• [EXERCISE MATERIAL]

---

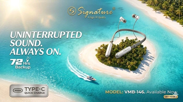 The Signature VMB-146 Wireless Neckband is more than just a device—it’s your gateway to premium audio and hassle-free convenience. Whether you're hitting the gym, commuting to work, or relaxing at home, this neckband is designed to keep up with your pace and deliver exceptional performance every step of the way.
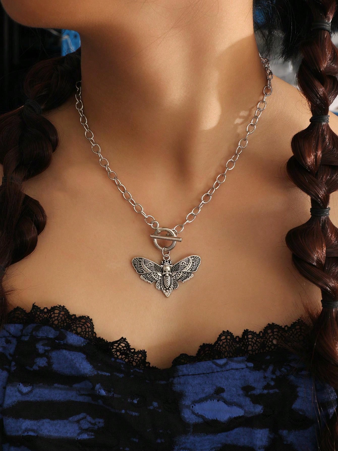 Goth 1pc Funky Zinc Alloy Butterfly & Skull Charm Necklace For Women For Daily Decoration
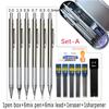 Набор металлических механических карандашей с пеналом, грифелями, ластиком, точилкой, набор 0.3 0.5 0.7 0.9 1.3 2.0 мм, автоматический карандаш для рисования и эскизов
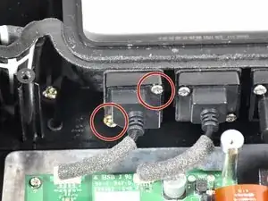 Удалите два винта T-10 размером 18 мм, крепящие Ethernet порт, поворачивая их против часовой стрелки.
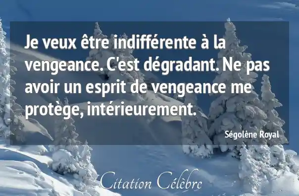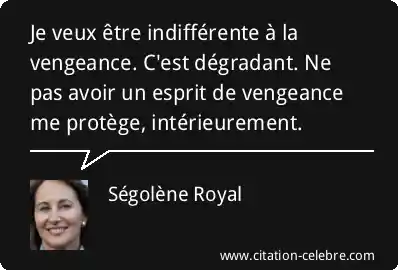 Je veux être indifférente à la vengeance. C'est dégradant. Ne pas avoir un esprit de vengeance me protège, intérieurement.

---

Drop the pictures and give every line above again exactly.

• [SOLUTION TO THE PROBLEM]
 The Signature VMB-146 Wireless Neckband is more than just a device—it’s your gateway to premium audio and hassle-free convenience. Whether you're hitting the gym, commuting to work, or relaxing at home, this neckband is designed to keep up with your pace and deliver exceptional performance every step of the way.
 Goth 1pc Funky Zinc Alloy Butterfly & Skull Charm Necklace For Women For Daily Decoration
 Набор металлических механических карандашей с пеналом, грифелями, ластиком, точилкой, набор 0.3 0.5 0.7 0.9 1.3 2.0 мм, автоматический карандаш для рисования и эскизов
 Удалите два винта T-10 размером 18 мм, крепящие Ethernet порт, поворачивая их против часовой стрелки.
 Je veux être indifférente à la vengeance. C'est dégradant. Ne pas avoir un esprit de vengeance me protège, intérieurement.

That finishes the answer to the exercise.